The Active Implantable Medical Devices Regulations 1992

Procedure for affixing EC mark

5.—(1) A device may bear the EC mark only if its manufacturer —

(a)follows the EC declaration of conformity procedure; or

(b)follows the EC type—examination procedure, together with —

(i)the EC verification procedure, or

(ii)the EC declaration of conformity to type procedure.

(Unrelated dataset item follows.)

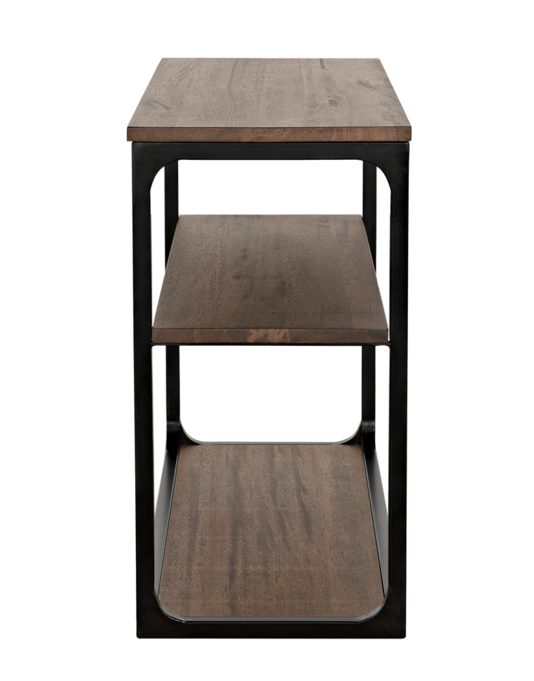 Elevate your entryway or living space with the Novie Console — a large, handcrafted piece that combines warm walnut surfaces with a clean, matte black iron frame for a modern yet timeless profile. Thoughtfully designed to showcase skilled woodworking and restrained metalwork, this console offers generous surface area for display and everyday utility while maintaining a sleek, unfussy silhouette that complements contemporary, industrial, and transitional interiors.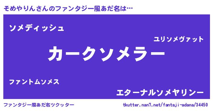| 胡散臭い通販商品みたいなあだ名 | 『来世でも幸せになれる健康食品…その名も「そめやりん」』 |

(2) The EC declaration of conformity procedure is the procedure by which the manufacturer —

(a)applies an approved quality system for the design, manufacture and final inspection of devices, and is subject to surveillance to ensure that he duly fulfils his obligations arising from the approved quality system;

(b)ensures and declares that the devices satisfy the relevant provisions of the Directive and, in particular, the relevant essential requirements; and

(c)having applied the EC mark in accordance with regulation 4, draws up and keeps a written declaration of conformity with the relevant provisions of the Directive, covering one or more identified specimens of the devices,

and Schedule 5 (Part I of which relates to the quality system, including the design dossier, and Part II of which relates to surveillance) shall have effect for the purposes of that procedure.

(3) The EC type—examination procedure is the procedure by which a notified body ascertains and certifies that a representative sample of the production of devices envisaged satisfies the relevant provisions of the Directive; and Schedule 6 shall have effect for the purposes of that procedure.

(4) The EC verification procedure is the procedure by which a notified body verifies and certifies that devices conform to the type described in an EC type—examination certificate and satisfy the relevant provisions of the Directive; and Schedule 7 shall have effect for the purposes of that procedure.

(5) The EC declaration of conformity to type procedure is the procedure by which the manufacturer —

(a)applies a quality system approved for the manufacture of devices and conducts a final inspection of the devices;

(b)is subject to surveillance;

(c)ensures and declares that the devices conform to the type described in an EC type—examination certificate and conform to the relevant provisions of the Directive; and

(d)having applied the EC mark in accordance with regulation 4, draws up and keeps a written declaration of conformity with the relevant provisions of the Directive covering one or more identified specimens of the devices,

and Schedule 8 (Part I of which relates to the quality system and inspection and Part II of which relates to surveillance) shall have effect for the purposes of that procedure.

(6) Any part of the EC type—examination procedure or the EC verification procedure which is to be followed in the United Kingdom by a manufacturer who has no place of business there may instead be followed by his authorised representative.

(7) The documentation relating to any of the procedures mentioned in this regulation carried out in the United Kingdom shall be in English or, subject to regulation 3(4), in some other language acceptable to the notified body concerned.

(8) A notified body may charge a fee in accordance with paragraphs (9), (10) and (11) for anything done in, or in connection with, performing a function under this regulation or under any of the Schedules referred to in it.

(9) Except as provided by paragraph (10) the fee charged in respect of anything done shall not exceed an amount which reasonably represents the cost incurred, or to be incurred, in doing it.

(10) Where the notified body is a body the activities of which are carried on for profit, the fee for doing anything may include an amount representing a profit which is reasonable in the circumstances, having regard to —

(a)the character and extent of the work done or to be done by the notified body; and

(b)the commercial rate normally charged in respect of profit for that work or similar work.

(11) The notified body may require payment of a fee or a reasonable estimate of the fee, in advance of carrying out the work in respect of which the fee is payable and as a condition of doing that work.